Task statement: Among the entries below, one stretch runs from the line that contains "These Air Fryer" through the line that contains "Vidaxl Coffee Table". Repeat that stretch exactly, ends included, and only that.

** Records provided follows **

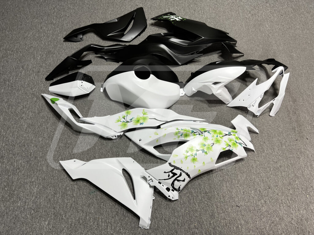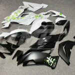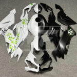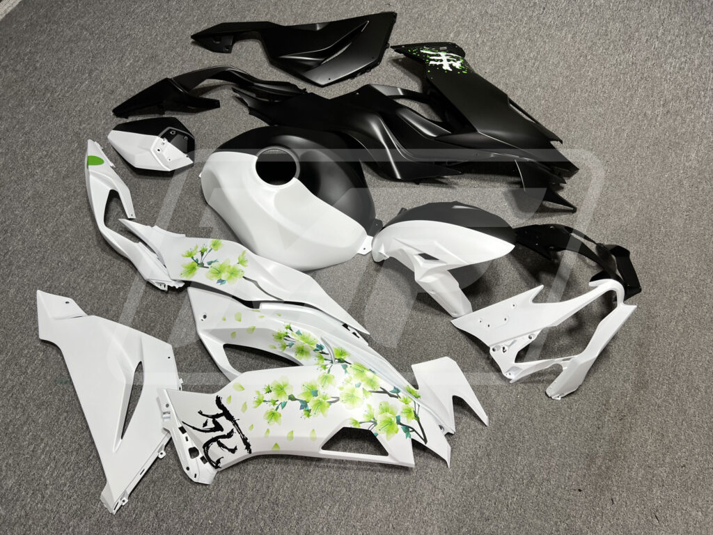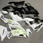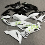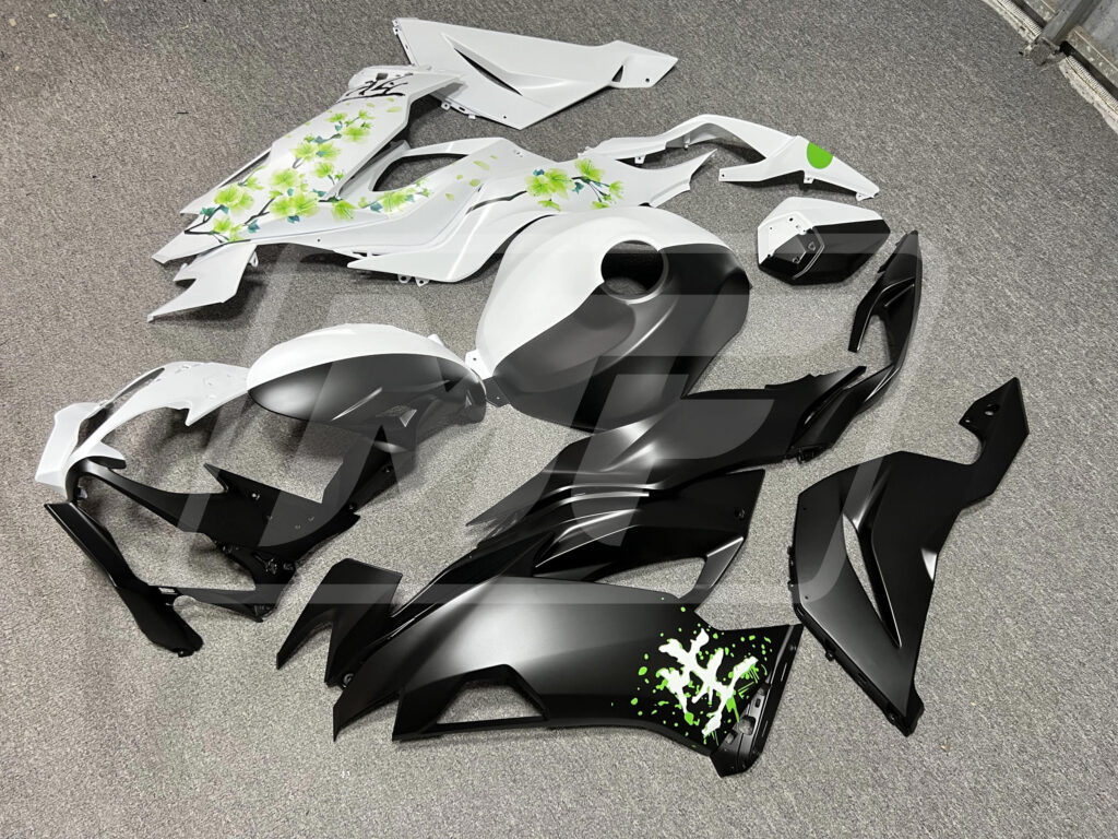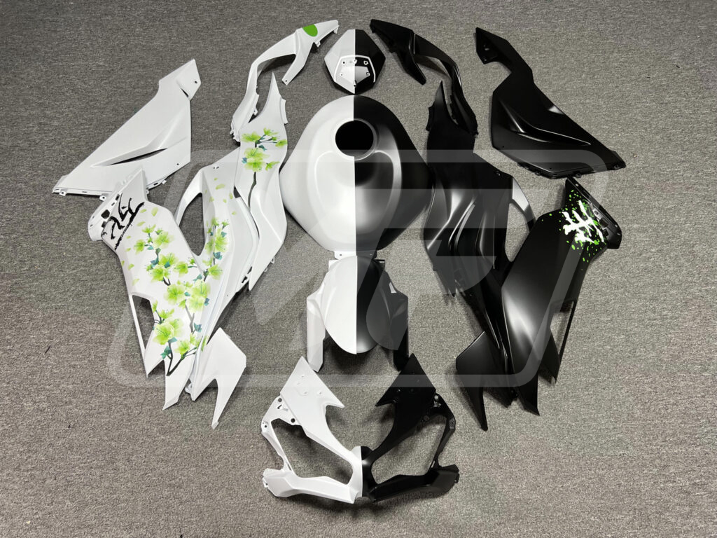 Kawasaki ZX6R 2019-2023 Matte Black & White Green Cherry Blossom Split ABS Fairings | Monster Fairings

** End of Records provided **
** Records provided follows **

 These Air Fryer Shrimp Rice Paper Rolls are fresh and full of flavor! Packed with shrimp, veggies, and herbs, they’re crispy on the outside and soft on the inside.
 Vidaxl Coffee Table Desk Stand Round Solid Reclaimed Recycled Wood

** End of Records provided **

Answer to the problem:
 These Air Fryer Shrimp Rice Paper Rolls are fresh and full of flavor! Packed with shrimp, veggies, and herbs, they’re crispy on the outside and soft on the inside.
 Vidaxl Coffee Table Desk Stand Round Solid Reclaimed Recycled Wood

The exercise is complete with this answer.